Collier v. Myers

PER CURIAM.

The plaintiff is an actress. Defendants are theatrical booking agents, and have been theatrical managers. They sent for W. P. Lewis, an actor, and offered an engagement for one week in Newark to plaintiff and her troupe at the rate of $200 per week. Lewis reported the offer to plaintiff, who told him to accept the same. He called again on defendants, and told them of plaintiff’s acceptance. They drew up an agreement, part of which was a general printed form of theatrical employment, and-part written in typewriting, to suit the individual case. The preamble of this agreement reads as follows:

“This agreement, made and entered into, on this 27th day of March, 1906, by and between Mr. .7. Glickman, party of the first part, and Louise Allen Collier, party of the second part, witnesseth,” etc.

The agreement also in the printed part provides that the party o"f the first part shall deduct from the salary of the party of the second part a 5 per cent, commission for Myers and Keller, the defendants. These two features of the agreement would seem to indicate that de*660fendants were acting as agents only, and that J. Glickman was the principal. The plaintiff, however, sued defendants, as principals, for a breach of the contract resulting from the discharge of plaintiff after the first performance.

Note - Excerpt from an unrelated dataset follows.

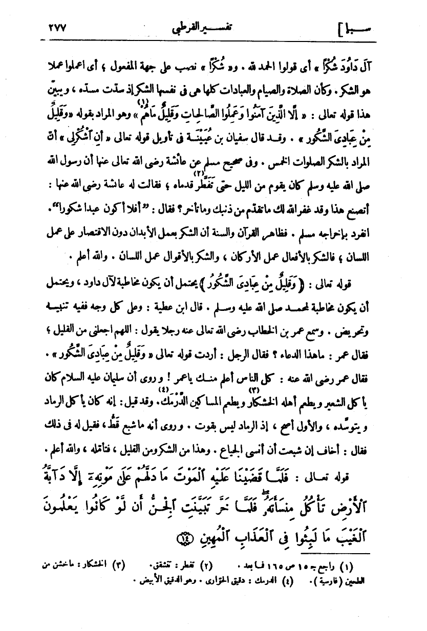 " اعْمَلُوا آلَ داوُدَ شُكْراً" أَيْ قُولُوا الْحَمْدُ لِلَّهِ. وَ" شُكْراً" نُصِبَ عَلَى جِهَةِ الْمَفْعُولِ، أَيِ اعْمَلُوا عَمَلًا هُوَ الشُّكْرُ. وَكَأَنَّ الصَّلَاةَ وَالصِّيَامَ وَالْعِبَادَاتِ كُلَّهَا هِيَ فِي نَفْسِهَا الشُّكْرُ إِذْ سَدَّتْ مَسَدَّهُ، وَيُبَيِّنُ هَذَا قَوْلِهِ تَعَالَى:" إِلَّا الَّذِينَ آمَنُوا وَعَمِلُوا الصَّالِحاتِ وَقَلِيلٌ مَا هُمْ" «١» [ص: ٢٤] وَهُوَ الْمُرَادُ بِقَوْلِهِ" وَقَلِيلٌ مِنْ عِبادِيَ الشَّكُورُ". وَقَدْ قَالَ سُفْيَانُ بْنُ عُيَيْنَةَ فِي تَأْوِيلِ قوله تعالى" أَنِ اشْكُرْ لِي" [لقمان: ١٤] أَنَّ الْمُرَادَ بِالشُّكْرِ الصَّلَوَاتُ الْخَمْسُ. وَفِي صَحِيحِ مُسْلِمٍ عَنْ عَائِشَةَ رَضِيَ اللَّهُ تَعَالَى عَنْهَا أَنَّ رَسُولَ اللَّهِ صَلَّى اللَّهُ عَلَيْهِ وَسَلَّمَ كَانَ يَقُومُ مِنَ اللَّيْلِ حَتَّى تَفَطَّرَ «٢» قَدَمَاهُ، فَقَالَتْ لَهُ عَائِشَةُ رَضِيَ اللَّهُ عَنْهَا: أَتَصْنَعُ هَذَا وَقَدْ غَفَرَ اللَّهُ لَكَ مَا تَقَدَّمَ مِنْ ذَنْبِكَ وَمَا تَأَخَّرَ؟ فَقَالَ: (أَفَلَا أَكُونُ عَبْدًا شَكُورًا). انْفَرَدَ بِإِخْرَاجِهِ مُسْلِمٌ. فَظَاهِرُ الْقُرْآنِ وَالسُّنَّةِ أَنَّ الشُّكْرَ بِعَمَلِ الْأَبْدَانِ دُونَ الِاقْتِصَارِ عَلَى عَمَلِ اللِّسَانِ، فَالشُّكْرُ بِالْأَفْعَالِ عَمَلٌ الْأَرْكَانِ، وَالشُّكْرُ بِالْأَقْوَالِ عَمَلُ اللِّسَانِ. وَاللَّهُ أَعْلَمُ. قَوْلُهُ تَعَالَى: (وَقَلِيلٌ مِنْ عِبادِيَ الشَّكُورُ) يَحْتَمِلُ أَنْ يَكُونَ مُخَاطَبَةً لِآلِ دَاوُدَ، وَيَحْتَمِلُ أَنْ يَكُونَ مخاطبة لمحمد صلى الله اللَّهُ عَلَيْهِ وَسَلَّمَ. قَالَ ابْنُ عَطِيَّةَ: وَعَلَى كُلِّ وَجْهٍ فَفِيهِ تَنْبِيهٌ وَتَحْرِيضٌ. وَسَمِعَ عُمَرَ بْنِ الْخَطَّابِ رَضِيَ اللَّهُ تَعَالَى عَنْهُ رَجُلًا يَقُولُ: اللَّهُمَّ اجْعَلْنِي مِنَ الْقَلِيلِ، فَقَالَ عُمَرُ: مَا هَذَا الدُّعَاءُ؟ فَقَالَ الرَّجُل: أَرَدْتُ قَوْلَهُ تَعَالَى" وَقَلِيلٌ مِنْ عِبادِيَ الشَّكُورُ". فَقَالَ عُمَرُ رَضِيَ اللَّهُ عَنْهُ: كُلُّ النَّاسِ أَعْلَمُ مِنْكَ يَا عُمَرُ! وَرُوِيَ أَنَّ سُلَيْمَانَ عَلَيْهِ السَّلَامُ كَانَ يَأْكُلُ الشَّعِيرَ وَيُطْعِمُ أَهْلَهُ الْخُشْكَارَ «٣» وَيُطْعِمُ الْمَسَاكِينَ الدَّرْمَكَ «٤». وَقَدْ قِيلَ: إِنَّهُ كَانَ يَأْكُلُ الرَّمَادَ وَيَتَوَسَّدُهُ، وَالْأَوَّلُ أَصَحُّ، إِذِ الرَّمَادُ لَيْسَ بِقُوتٍ. وَرُوِيَ أَنَّهُ مَا شَبِعَ قَطُّ، فَقِيلَ لَهُ فِي ذَلِكَ فَقَالَ: أَخَافُ إِنْ شَبِعْتُ أَنْ أَنْسَى الْجِيَاعَ. وَهَذَا مِنَ الشُّكْرِ وَمِنَ القليل، فتأمله، والله أعلم.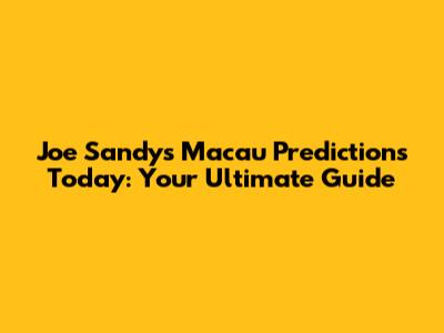 Joe Sandy's Macau Predictions Today: What You Need To Know

The justice allowed plaintiff $200 damages with interest and costs. Defendants appeal.

The agreement was signed, not by Glickman, but by defendants, with nothing to indicate that they signed in a representative capacity. The plaintiff’s name was signed by said Lewis with the addition “per W. P. L.” The plaintiff’s contention is that defendants held themselves out as principals and not as agents. Plaintiff was discharged by one Schwartz, acting, as plaintiff’s witnesses claim, for defendants and not for Glickman, whom plaintiff and her representative never saw. As we have seen, however, the preamble in the agreement names Glickman as party of the first part, and also a provision appears in the said agreement for the payment of a commission to defendants. Besides this Schwartz swears he acted for Glickman in discharging plaintiff. Furthermore plaintiff’s representative, Lewis, admits he knew defendants were booking agents and were to receive a commission, as such agents. This seems inconsistent with the theory that they were theatrical managers, and acted as principals in the employment of plaintiff. The mere signing of their names to the contract which, as it appears from the contract itself, they made for another, does not make them principals, 'instead of agents. Nor can it be claimed that they acted as agents for an undisclosed principal, as the name of Glickman appears in the agreement itself. It seems to us that plaintiff has not made out a cause of action against these defendants, and the judgment should be reversed, and a new trial granted, with costs to appellant to abide the event.

Judgment reversed, and new trial ordered, with costs to appellant to abide the event.